Some threatened species may be considered ‘functionally extinct’, having fallen below the critical number to sustain their populations in the long term. Of the 660 plant species listed as Critically Endangered or Endangered at a national level, 62 are known from fewer than 50 individuals, and 300 from fewer than 250 individuals. These are often restricted to tiny remnants that are vulnerable to further degradation and where population growth is unlikely, with a high risk of extinction within the next 10 years (Silcock et al. 2020).

Threatened ecological communities

Threatened ecological communities are ecosystems that are in danger of being lost and are listed under national and state and territory legislation.

The number of threatened ecological communities listed under the EPBC Act has risen by 20% over the past 5 years. As of June 2021, 88 are listed, of which 41 are Critically Endangered, 44 are Endangered and 2 are Vulnerable. Fourteen new listings have occurred since January 2016, including 9 in the Critically Endangered category. Threatened ecological communities occur mostly in areas that have been heavily modified for agriculture or urban development. Ten of those 14 new listings since 2016 occur in New South Wales. There are 27 recovery plans in place; all EPBC Act–listed ecological communities have either a recovery plan or a conservation advice.

Fauna

Many native animal species in many ecosystems across Australia are in decline.

Terrestrial fauna

Terrestrial mammals across Australia have experienced high rates of extinction, with 10% of endemic species becoming extinct over the past 200 years. Mammals are subject to ongoing population declines, and the numbers of threatened species, including those at high risk of extinction, are increasing. Approximately 21% are now assessed as threatened (Woinarski et al. 2015, Woinarski et al. 2019). Most mammal extinctions in Australia have been driven by predation from introduced species, especially the feral cat and European red fox; extinction rates are particularly high in arid and semi-arid regions of Australia.

The 20 mammal species most at risk from extinction over the next 20 years mostly occur in northern Australia and south-west Western Australia (Geyle et al. 2018).

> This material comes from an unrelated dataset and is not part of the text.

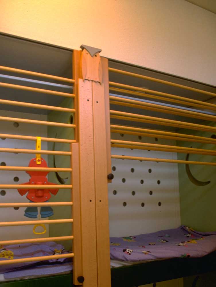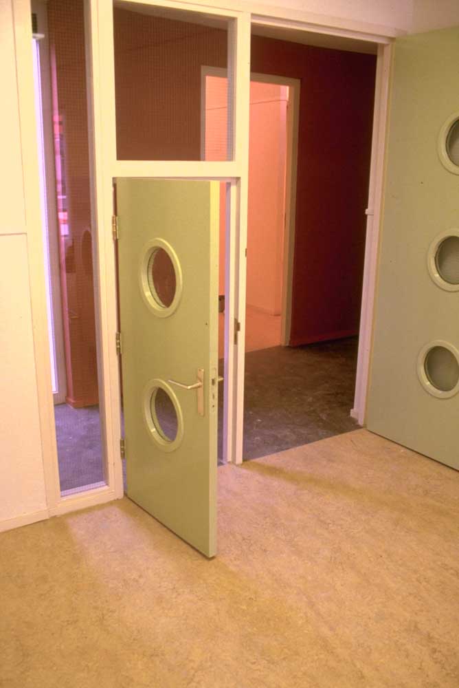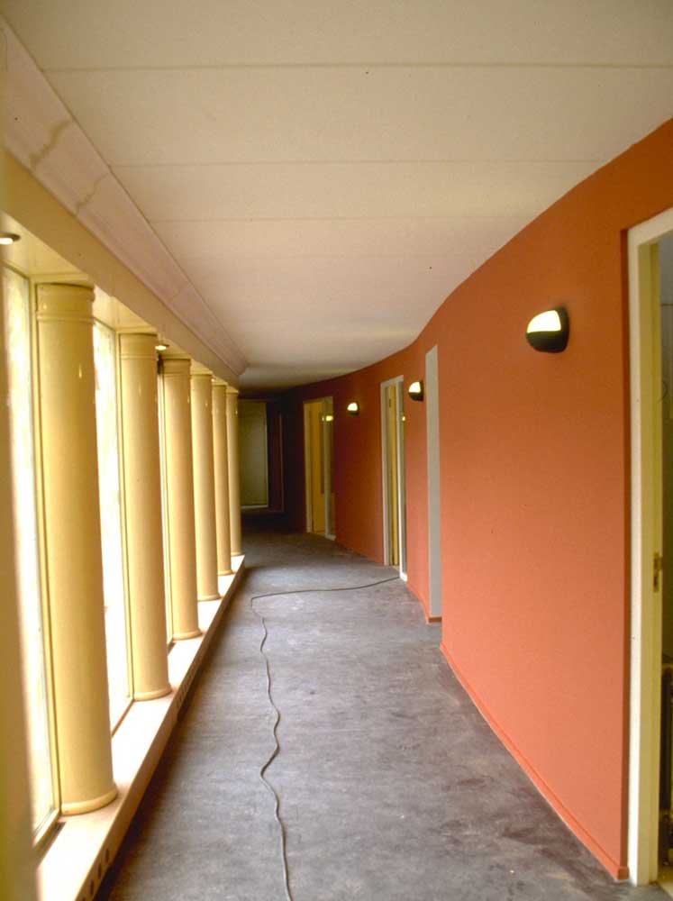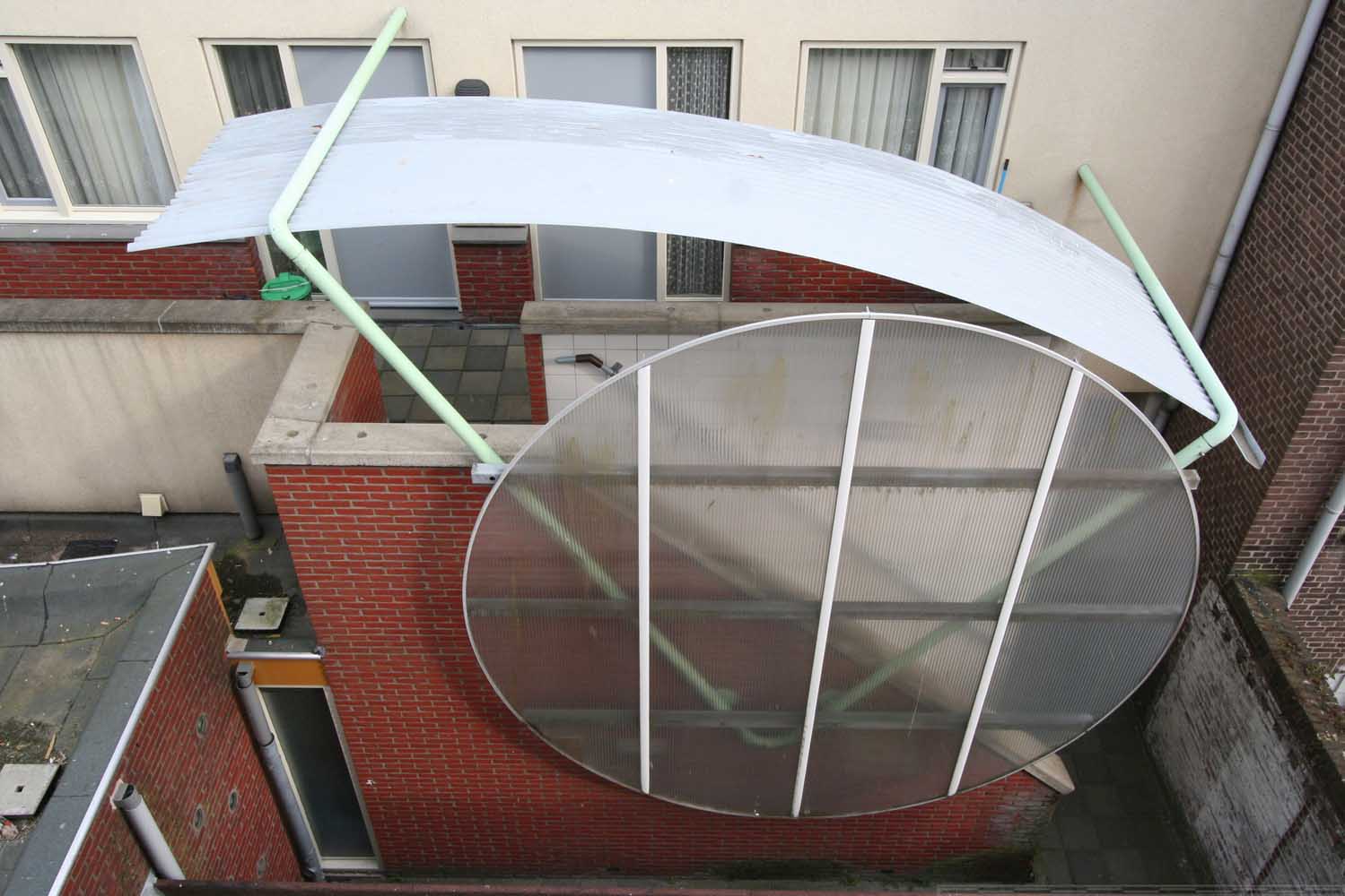 Op een groot binnenterrein –ooit het sportveld van een vlakbij gelegen katholiek scholencomplex– is naast een andere school een kinderdagverblijf met bovenwoningen gebouwd.

Many of Australia’s birds are suffering population declines and are at risk of extinction; the most at-risk bird species are found only on islands or in southern Australia (Geyle et al. 2018). The NESP Threatened Bird Index indicates significant declines in abundance of threatened birds for which monitoring data are available. Between 1985 and 2018, the relative abundance of threatened birds decreased by an average of 60%.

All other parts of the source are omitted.